BFCVTNT

Single-precision down convert and narrow to BFloat16 (top, predicated)

Convert to BFloat16 from single-precision in each active floating-point element of the source vector, and place the results in the odd-numbered 16-bit elements of the destination vector, leaving the even-numbered elements unchanged. Inactive elements in the destination vector register remain unmodified or are set to zero, depending on whether merging or zeroing predication is selected.

ID_AA64ZFR0_EL1.BF16 indicates whether this instruction is implemented.

Encoding: Merging

Variants: (FEAT_SVE || FEAT_SME) && FEAT_BF16 ((FEAT_SVE || FEAT_SME) && FEAT_BF16)

313029282726252423222120191817161514131211109876543210
0110010010001010101
opcopc2PgZnZd

BFCVTNT <Zd>.H, <Pg>/M, <Zn>.S

Decoding algorithm

if ((!IsFeatureImplemented(FEAT_SVE) && !IsFeatureImplemented(FEAT_SME)) ||
    !IsFeatureImplemented(FEAT_BF16)) then EndOfDecode(Decode_UNDEF);
constant integer g = UInt(Pg);
constant integer n = UInt(Zn);
constant integer d = UInt(Zd);
constant boolean merging = TRUE;

Encoding: Zeroing

Variants: FEAT_SVE2p2 || FEAT_SME2p2 (FEAT_SVE2p2 || FEAT_SME2p2)

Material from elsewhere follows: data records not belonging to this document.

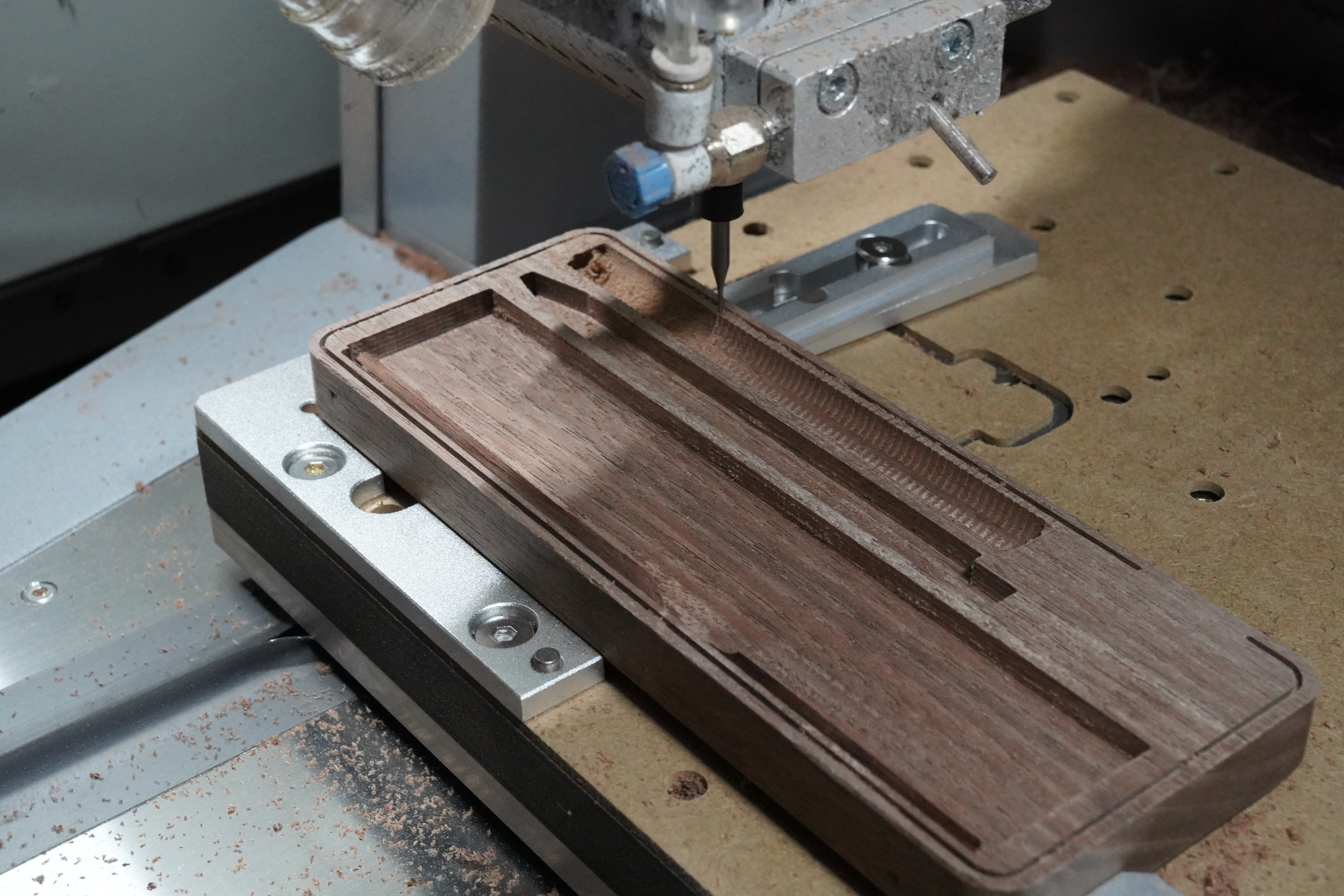 In Figure 3 I show an example of milling the internal geometry of one of the halves, showing clearly how the pockets are milled to fit the items perfectly, it was important to use ball nose bits for the pencil pocket in order to get a good finish surfact that needed little sanding.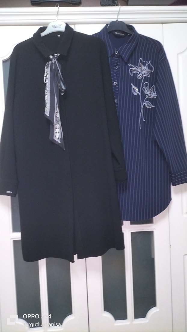 Zühre fularlı tunik ve Alvina Nakışlı Lacivert Uzun Kollu Tunik.Nakışlı desenli, notalı yaka ve uzun kollu lacivert tunik. Sentetik kumaş, drapeli ve rahat kesimlidir, ofis kullanımı için uygundur. ✨
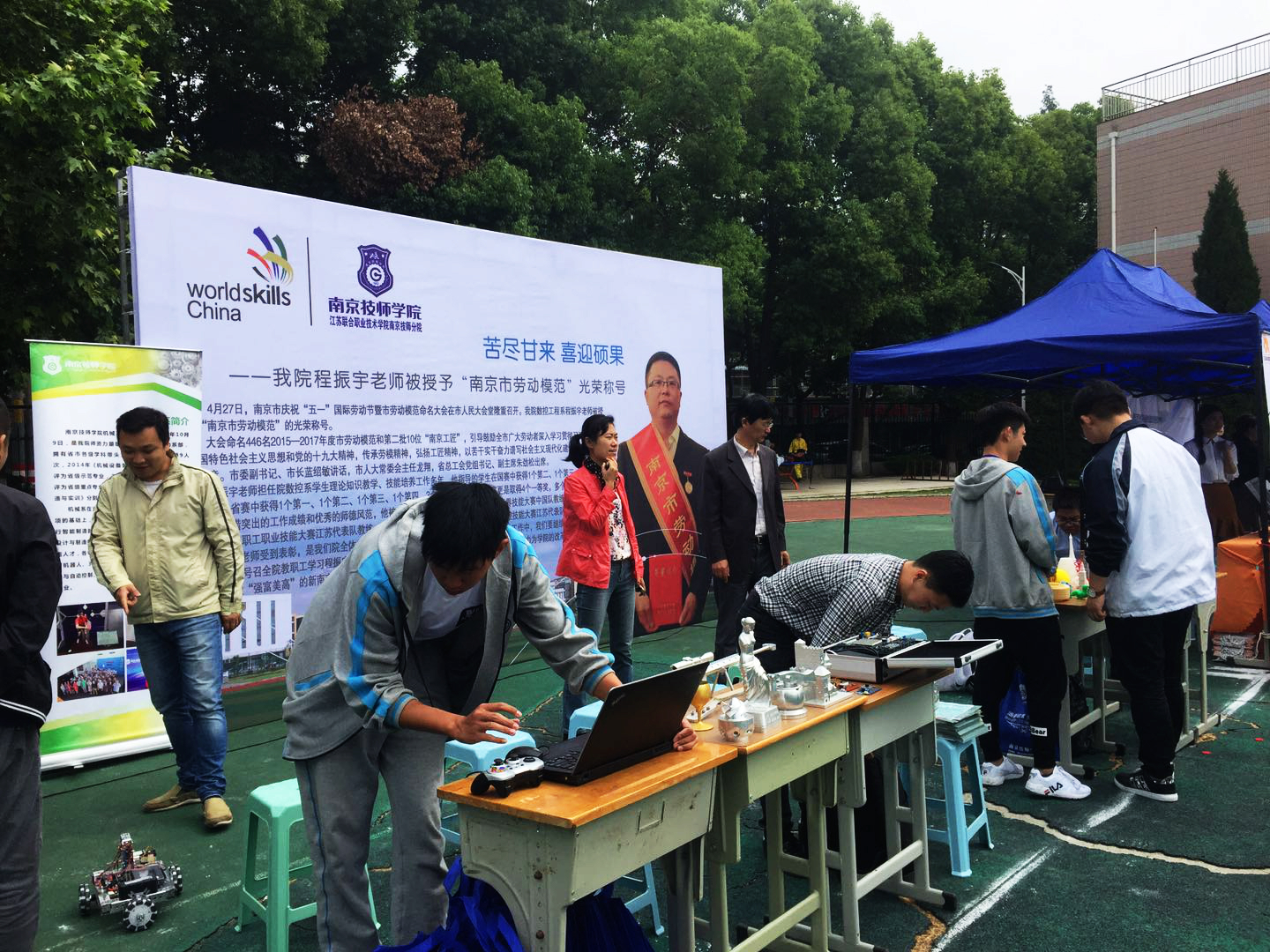 在活动周现场,我院展示了3D打印、无人机、移动机器人等实训实验设备及部分学生作品。移动机器人现场表演了定点抓放斯诺克球,吸引了许多领导和学生驻足参观。我院还为参观者提供手机贴膜、钥匙装配、眼镜清洗等免费服务,充分展现了我院办学成果和学生技能风采。
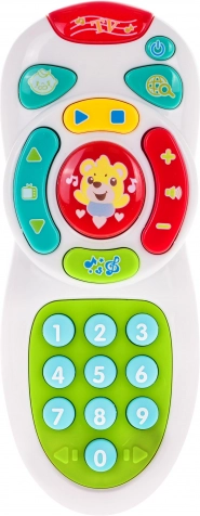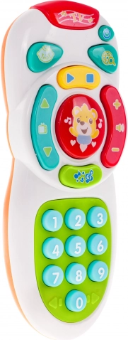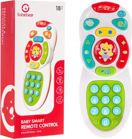 Interaktivni, večfunkcijski daljinski upravljalnik z zvočnimi in svetlobnimi učinki za otroke od 18 mesecev dalje. Igrača je izdelana iz najkakovostnejše plastike in nima ostrih robov. Ima velike gumbe za aktiviranje zvočnih in svetlobnih učinkov, zato jo je enostavno upravljati z majhnimi otroškimi rokami. Pod vsakim gumbom so zabavne melodije in zvoki, na voljo je tudi gumb za vklop in izklop igrače ter gumb za uravnavanje glasnosti. Na sredini daljinca je velik gumb s sliko medvedka, ki med predvajanjem glasbe utripa. Gumb v zgornjem delu daljinca z napisom TV je prav tako osvetljen. Igrača deluje na baterije tipa 3 x 1,5 V AAA, baterije niso priložene. .Specifikacije igrače: .- pravljične barve, .- nabor vgrajenih melodij, .- dodatni zvoki – zvok bitja srca, zvoki živali, številke od 0 do 9 v angleščini, .- utripajoča LED dioda na gumbu s sliko medvedka, .- osvetlitev gumba TV ob pritisku katerega koli gumba, .- velika tipkovnica z gumbi, označenimi s številkami, .- uravnavanje glasnosti. |

313029282726252423222120191817161514131211109876543210
0110010010000010101
opcopc2PgZnZd

BFCVTNT <Zd>.H, <Pg>/Z, <Zn>.S

Decoding algorithm

if !IsFeatureImplemented(FEAT_SVE2p2) && !IsFeatureImplemented(FEAT_SME2p2) then
    EndOfDecode(Decode_UNDEF);
constant integer g = UInt(Pg);
constant integer n = UInt(Zn);
constant integer d = UInt(Zd);
constant boolean merging = FALSE;

Operation

CheckSVEEnabled();
constant integer VL = CurrentVL;
constant integer PL = VL DIV 8;
constant integer elements = VL DIV 32;
constant bits(PL) mask = P[g, PL];
constant bits(VL) operand = if AnyActiveElement(mask, 32) then Z[n, VL] else Zeros(VL);
bits(VL) result = Z[d, VL];

for e = 0 to elements-1
    if ActivePredicateElement(mask, e, 32) then
        constant bits(32) element = Elem[operand, e, 32];
        Elem[result, 2*e+1, 16] = FPConvertBF(element, FPCR);
    elsif !merging then
        Elem[result, 2*e+1, 16] = Zeros(16);

Z[d, VL] = result;

Explanations

<Zd>: Is the name of the destination scalable vector register, encoded in the "Zd" field.
<Pg>: Is the name of the governing scalable predicate register P0-P7, encoded in the "Pg" field.
<Zn>: Is the name of the source scalable vector register, encoded in the "Zn" field.